The future is here. Or at least it will be soon, at one, yet to be confirmed Morrisons store, where the supermarket is planning to roll out a trial of AI-powered smart trolleys next year.
Developed by US-firm Instacart, the Caper Cart – as it is catchily called – is powered by edge-based AI.
Using a combination of four cameras and a set of scales in the base of trolley, the carts instantly recognise the items placed into the basket, totting up the total on a digital screen as the shopper travels around the store.
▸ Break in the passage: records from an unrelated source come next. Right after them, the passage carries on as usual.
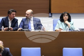 София (5 март 2025) Парламентът обсъжда на първо четене Законопроекта за държавния бюджет на Република България за 2025 г. В пленарната зала са министри от кабинета и представители на съдебната власт. На снимката: министърът на туризма Мирослав Боршош (вляво), министърът на правосъдието Георги Георгиев (в средата), министърът на финансите Теменужка Петкова (вдясно).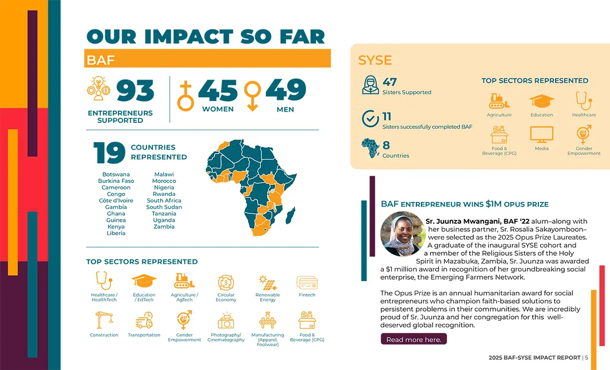 Since 2018, BAF, our flagship accelerator program has trained and supported 93 African entrepreneurs leading early-stage nonprofits and for-profit businesses, who are pioneering culturally-relevant solutions in renewable energy, healthcare, agriculture, microfinancing, sustainability, education, consumer packaged goods, and other sectors. Read our 2025 impact report here.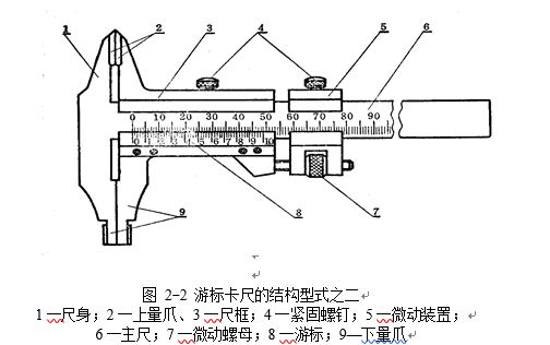 (2)測量范圍為0~200mm和0~300mm的游標卡尺,可制成帶有內外測量面的下量爪和帶有刀口形的上量爪的型式,如圖2―2。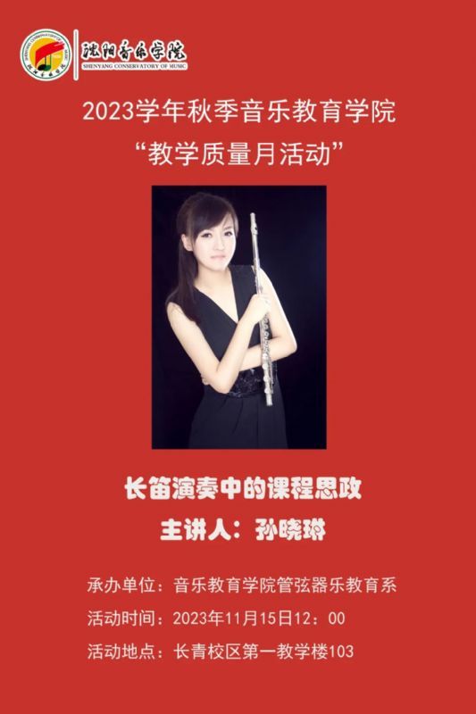 2023年11月15日12时,在长青校区第一教学楼103举办了《长笛演奏中的课程思政》公开课,主讲人为管弦器乐教育系长笛教师孙晓琳。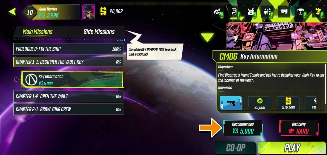 You can also refer to it as missions will have a Recommended minimum Power Score. While you can still proceed even with a low Power Score, you may find it very challenging to finish.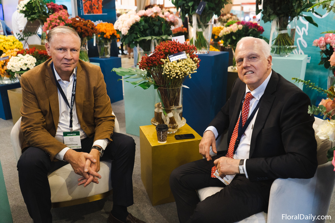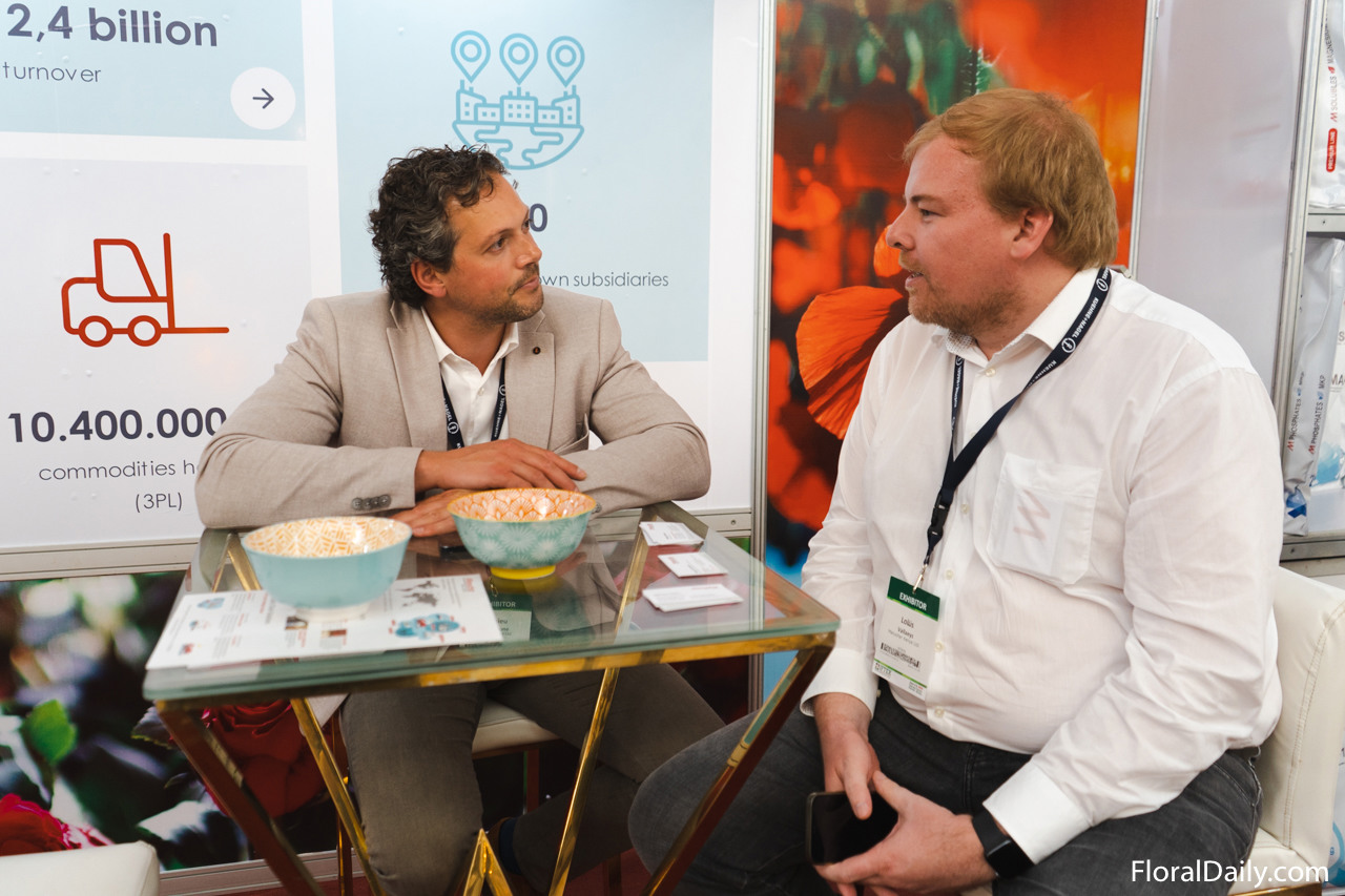 First time Iftex for Roelof Stijnman and Gerard Haazebroek of E.Z flower, next to some of their flower explosions.

The screen then generates a barcode, which the shopper can scan at the self-checkout banks to pay.
“It will make grocery shopping feel like an adventure,” says Instacart chief connected stores officer David McIntosh.
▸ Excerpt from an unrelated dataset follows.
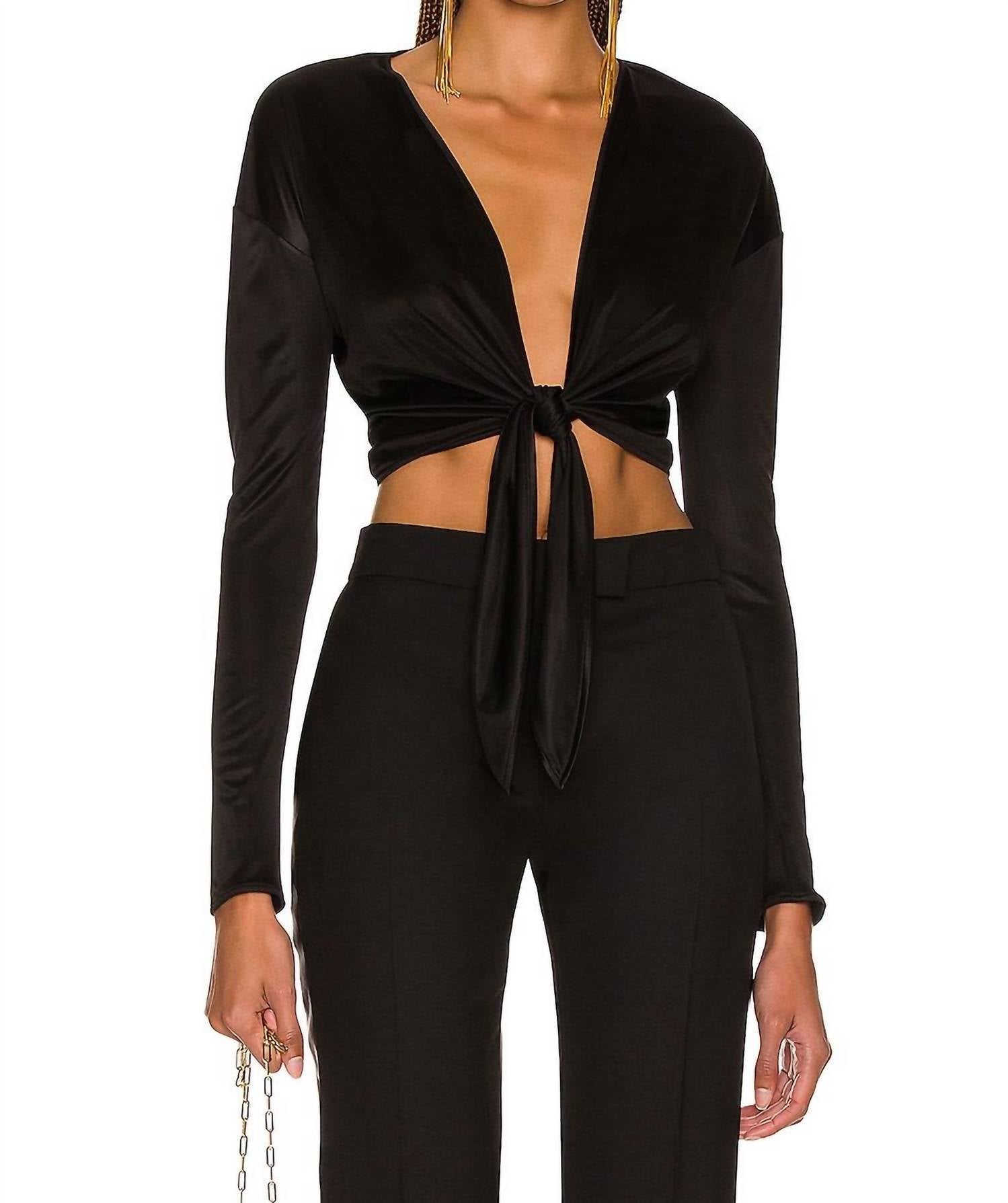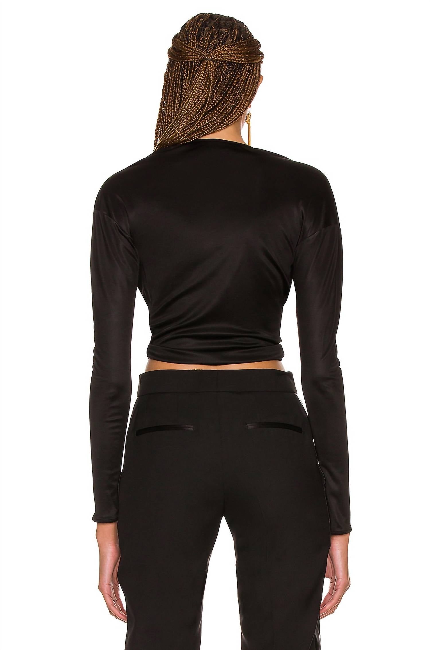 Elevate your wardrobe with the Slick Wrap Top by Tom Ford, a stunning piece perfect for any occasion. This crop top features long sleeves and is crafted from 100% viscose, offering a slinky feel and a solid black hue. Made in Italy, it includes a front tie closure for added elegance and a V-neckline for a flattering fit. Care for this luxurious top by adhering to dry clean instructions.

Whether that is true or not is yet to be seen (after all, one person’s adventure is another’s dystopian nightmare) but while they sound like the product of some robot-fuelled future, smart trolleys are the natural evolution of smart shopping tools that already exist.
Win-win for the weekly shop
The new smart trolleys will be more convenient for shoppers, claims McIntosh, pointing out that they will be able to keep track of their total spend more easily, and not have to go through the hassle of scanning each item.
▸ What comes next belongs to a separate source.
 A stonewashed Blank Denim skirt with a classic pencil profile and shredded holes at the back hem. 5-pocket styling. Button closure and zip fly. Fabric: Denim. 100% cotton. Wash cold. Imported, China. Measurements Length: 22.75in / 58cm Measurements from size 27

Integrating the trolleys with Morrisons’ More Card will enable new levels of personalisation and product discovery via the digital screens, which will flag relevant promotions, or even recommend new products throughout the store journey. While some might see this as an unnecessary assault on the senses, it’s a win-win for shoppers looking to supercharge their weekly shop.
Morrisons’ trolley trial follows news that Waitrose also recently began trialling its own version of an AI-powered smart trolley system. Powered through a detachable screen that shoppers connect to a regular trolley, it works on much the same basis as the fully integrated Caper Cart.
Such tech trials are commonplace at supermarkets, where grocers, jostling for a razor-thin advantage over rivals, regularly run several concurrent small-scale pilots at any one time.
With advances in AI and other smart technology such as they are, it would actually be more surprising if Morrisons and Waitrose were the only UK grocers trialling these developments.
Trial and error
While some of these trials can appear a little gimmicky, or prove short-lived – like Sainsbury’s recent test of product finder screens in its beauty aisles – others, like self-checkouts and loyalty points, will grow in popularity and take-up to eventually become standard fixtures of the daily grocery experience. Those that stick are a success precisely because they work for both customers and supermarkets.
So it’s no surprise that supermarkets have been gearing their innovation efforts towards solutions that enhance the shopper journey through convenience and choice (alongside price, of course), while at the same time improving efficiency in store and behind the scenes.
It’s why they’re increasingly focusing on developing smart shopping tools, like Sainsbury’s Smart Shop and Waitrose Scan Pay Go, which can be closely integrated with PoS systems, loyalty programmes and instore media.
At the moment, AI-powered smart trolleys might seem like a revolution, but really they’re just one part of the natural grocery evolution. And we’re already halfway there.